🤖 AI Summary
This study addresses the challenge of distinguishing genuine model novelty from functional redundancy in heterogeneous AI ecosystems—a critical barrier to trustworthy AI governance. The authors propose a statistical framework grounded in In-Silico Quasi-Experimental Design (ISQED) to identify a model’s intrinsic identity through matched interventions and introduce the Peer-Inexpressible Residual (PIER) to quantify model uniqueness. They formally prove that observational data alone cannot identify model uniqueness without intervention, derive sample-efficient active auditing scaling laws that are provably optimal, and expose fundamental limitations of cooperative game-theoretic approaches like Shapley values in detecting redundancy.

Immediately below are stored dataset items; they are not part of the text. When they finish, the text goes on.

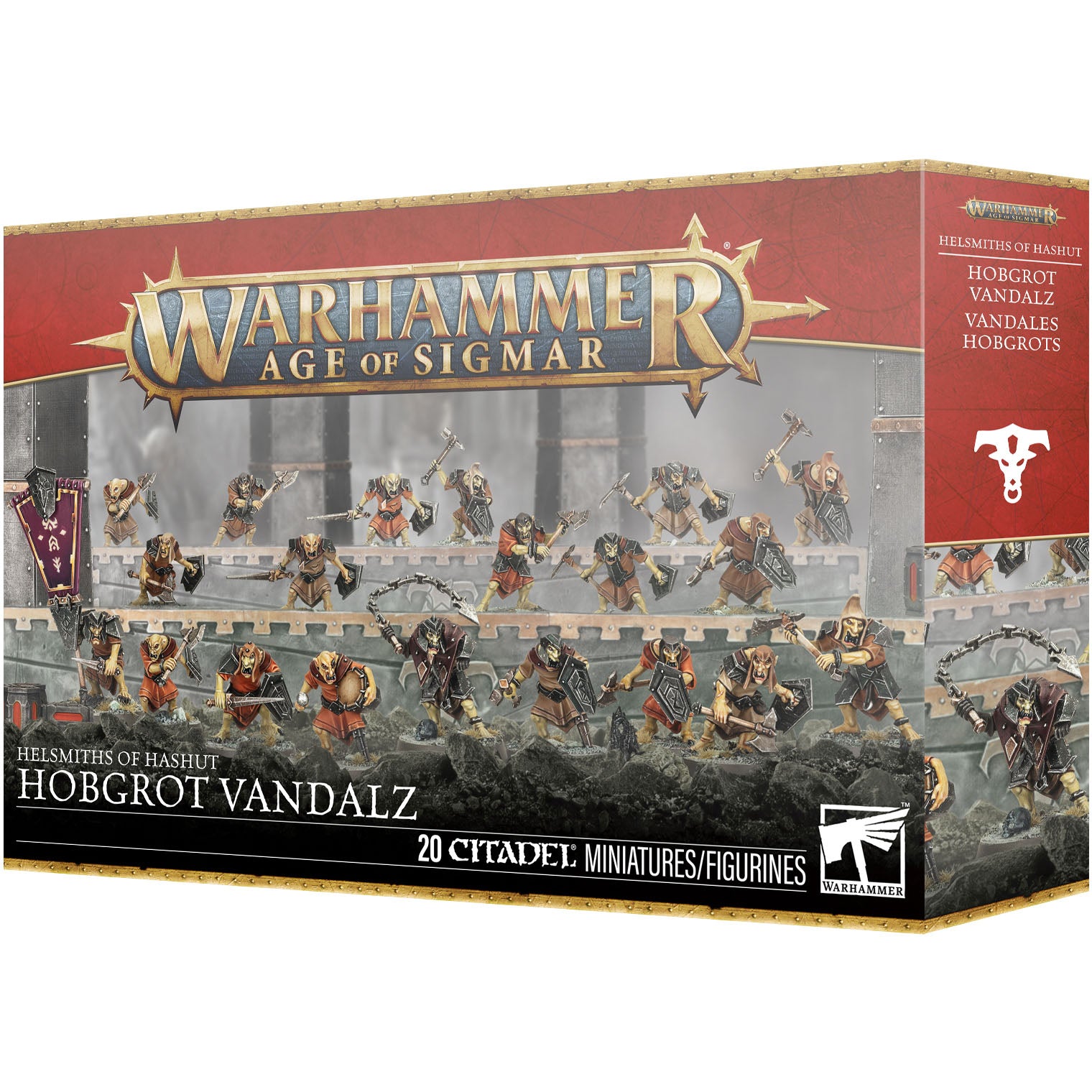 Hobgrots are furtive and deceitful creatures who recognise the might of the Zharrdron empire, or the relative safety offered by ingratiating themselves with those who would otherwise wipe them out, at least. Their lot in life is still a miserable one, as the Helsmiths deploy them ahead of their main battleline to secure an advantage… and to range their brutal artillery. This box contains twenty Hobgrot Vandalz, whose champion can be armed with a cruel chain weapon or a vicious dagger. It also contains a Helsmiths of Hashut transfer sheet with 450 transfers.*
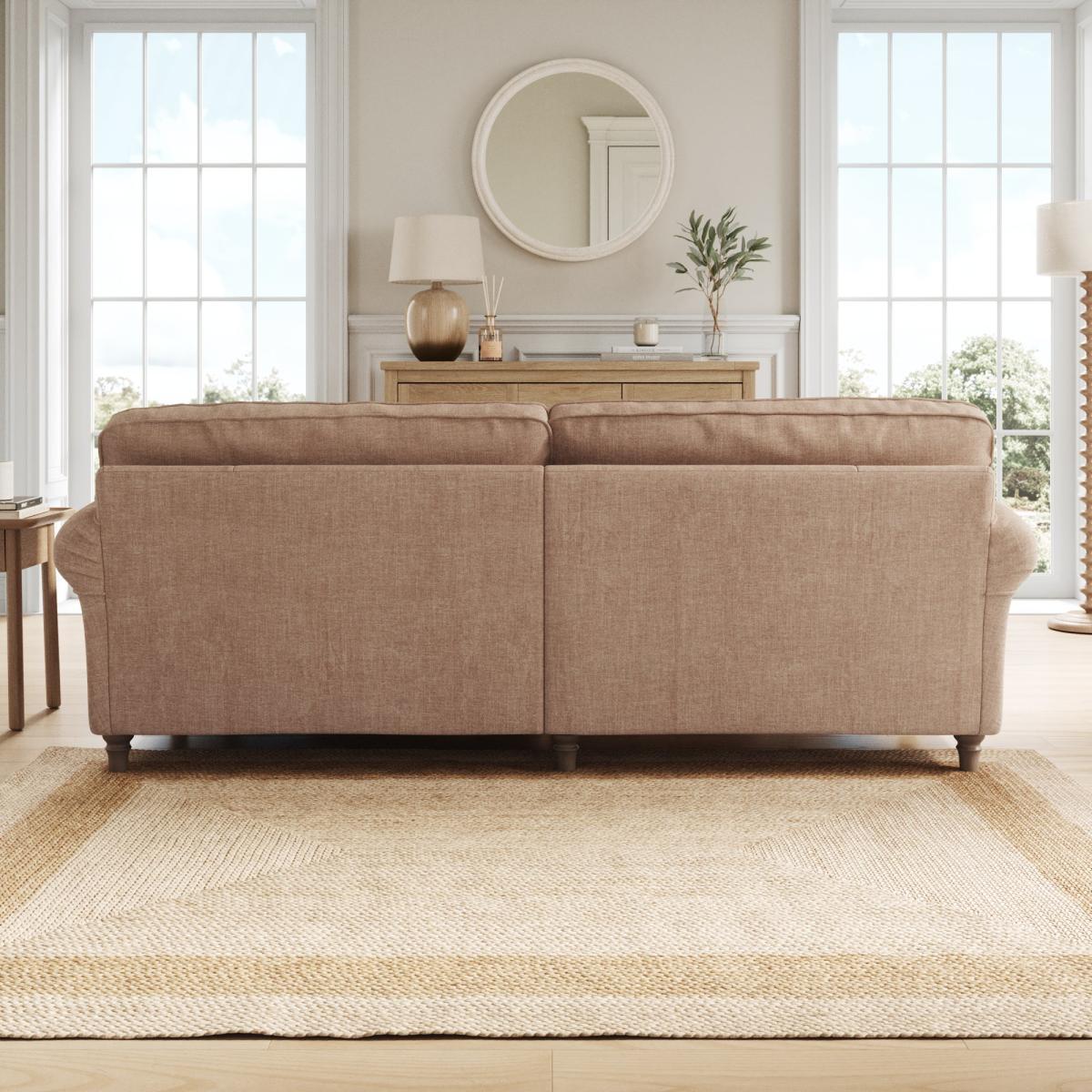 * Classic Shape* Curved arms* Foam and Fibre filled* Turned wooden feet With gracefully scrolled arms and elegantly turned wooden feet, this sofa radiates timeless elegance that effortlessly elevates any room. Available in a selection of colour palettes, the plush chenille upholstery is adorned with piped edge detailing for a touch of refinement. Enhanced with brand-new foam seat and back cushions, it promises luxurious comfort and lasting support. This product has fibre filled seat cushions. This means they require vigorous plumped by shaking and redistributing the fibres daily. This will add air back into the fibres and preventing clumping, flattening and the seat dipping.
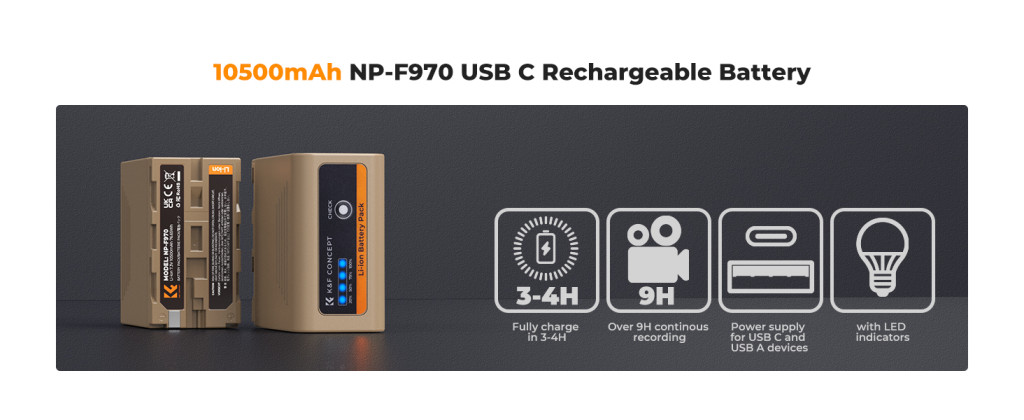 Nagy kapacitású akkumulátor: 7.3V 10500mAh 76.65Wh erős kapacitású NP-F970, beépített kiváló minőségű Li-ion akkumulátorral, hosszú élettartammal, hosszabb üzemidővel, mint az eredeti, alkalmas hosszú távú videó- és fotóprojektekhez, nincs memóriahatás.
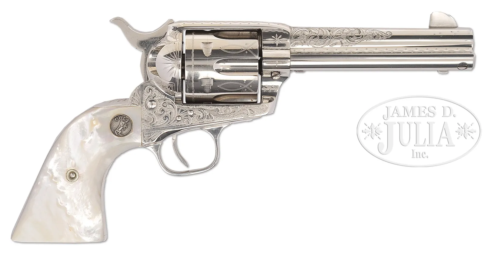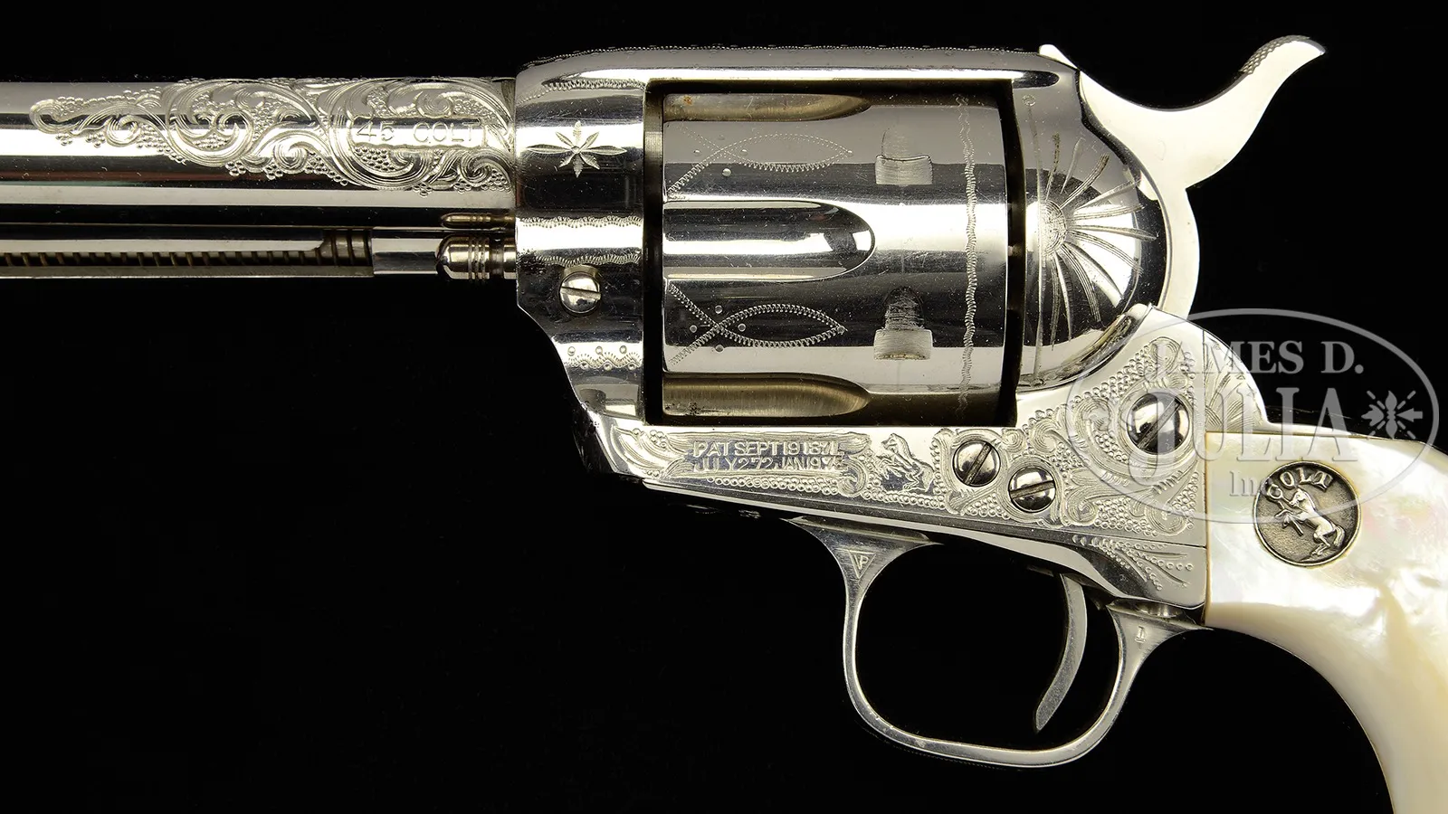 *MINTY FACTORY ENGRAVED COLT SINGLE ACTION ARMY REVOLVER BY CUNO HELFRICHT.SN 335562. Cal 45. Nickle with 4-3/4″ bbl, full thick front sight and 2-line block letter address. Left side of frame is marked with 2-line, 3-patent dates and rampant Colt. Mounted with factory 2-pc smooth mother-of-pearl grips that have silver Colt medallions. Revolver is among the last of Colt master engraver Cuno A. Helfricht’s personal work, note the refinement of the scroll toward the end of his career. There are numerous examples of virtually identical Helfricht engraving pictured in many texts. Two noted examples are found on pgs 443 & 448 (SNs 3331877 & 333764) in The Colt Engraving Book Volume One, R. L. Wilson. Accompanied by Colt factory letter, showing shipped in 45 Cal with 4-3/4″ bbl, nickle finish with pearl stocks, factory engraved and that it was shipped to Stauffer, Eshleman & Co. of New Orleans, LA on, April 11, 1917 in a 4-gun shipment. The two guns pictured in Wilson cited above with virtually identical “Grade B engraving” were also shipped to same company in New Orleans. SN was observed on frame, trigger guard, backstrap and internally on pearl stocks. Rear face of cyl has last 4-digits of SN. This gun no doubt is among the last guns personally engraved by Cuno Helfricht in his shop. CONDITION: Extremely fine, all matching. Overall retains virtually all of its crisp orig factory finish with only a few small, thin areas of dark, pinprick pitting and staining on cyl and right face of frame unaffecting the overall aesthetics of an otherwise almost new gun. Gun shows no evidence of ever having been fired. Grips are crisp with fine translucence and “fiery” color. Mechanically, gun is perfect with crisp shiny bore. 50412-38 JS (30,000-50,000) – Lot 4258 Click here to view provenance
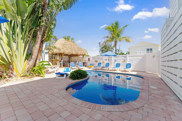 The duplex property features fully remodeled units thoughtfully arranged around a freestyle heated pool, creating a private, resort-style atmosphere. Guests may reserve a single unit or the entire property , total of 5 units available for rent in multiple duplexes making it ideal for extended families or refined group gatherings seeking both togetherness and privacy.
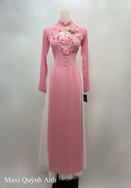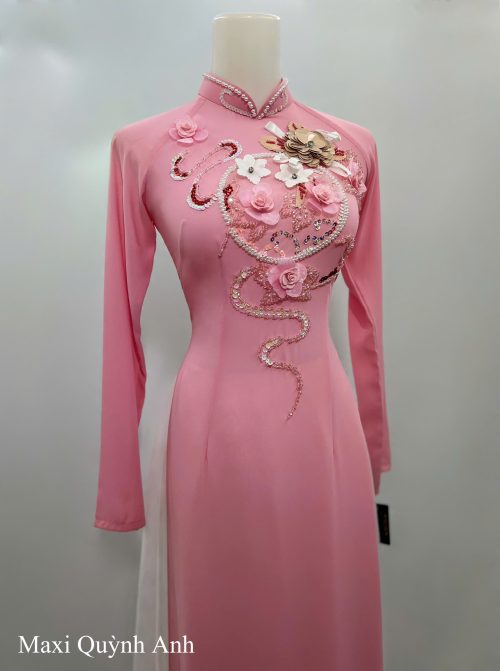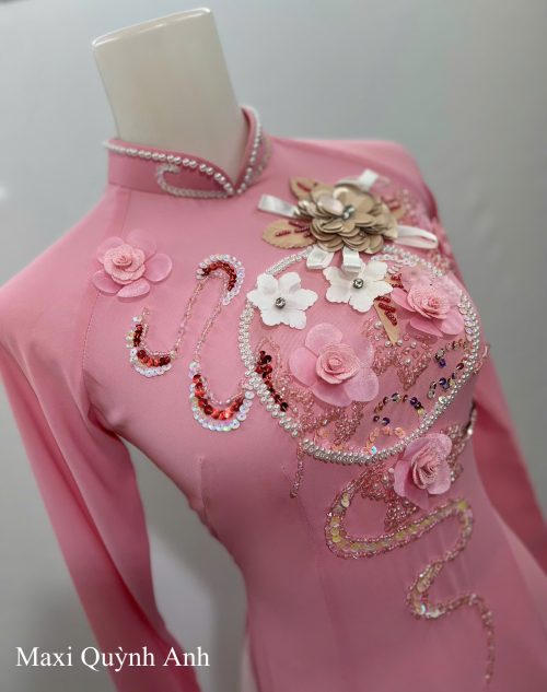 Chiếc áo dài màu hồng ngọt ngào được thiết kế trên nền vải cao cấp, tôn dáng uyển chuyển và đầy nữ tính. Điểm nhấn nổi bật chính là phần ngực áo được đính kết hoa nổi 3D kết hợp kim sa lấp lánh, mang lại vẻ đẹp vừa hiện đại vừa duyên dáng.

Integrating adaptive query protocols, the DISCO estimator, and minimax-optimal sampling theory, the framework enables high-precision auditability of model substitutability across diverse domains, including computer vision, large language models, and urban traffic forecasting.
📝 Abstract
As AI systems evolve from isolated predictors into complex, heterogeneous ecosystems of foundation models and specialized adapters, distinguishing genuine behavioral novelty from functional redundancy becomes a critical governance challenge. Here, we introduce a statistical framework for auditing model uniqueness based on In-Silico Quasi-Experimental Design (ISQED). By enforcing matched interventions across models, we isolate intrinsic model identity and quantify uniqueness as the Peer-Inexpressible Residual (PIER), i.e. the component of a target's behavior strictly irreducible to any stochastic convex combination of its peers, with vanishing PIER characterizing when such a routing-based substitution becomes possible. We establish the theoretical foundations of ecosystem auditing through three key contributions. First, we prove a fundamental limitation of observational logs: uniqueness is mathematically non-identifiable without intervention control. Second, we derive a scaling law for active auditing, showing that our adaptive query protocol achieves minimax-optimal sample efficiency ($d\sigma^2\gamma^{-2}\log(Nd/\delta)$). Third, we demonstrate that cooperative game-theoretic methods, such as Shapley values, fundamentally fail to detect redundancy. We implement this framework via the DISCO (Design-Integrated Synthetic Control) estimator and deploy it across diverse ecosystems, including computer vision models (ResNet/ConvNeXt/ViT), large language models (BERT/RoBERTa), and city-scale traffic forecasters. These results move trustworthy AI beyond explaining single models: they establish a principled, intervention-based science of auditing and governing heterogeneous model ecosystems.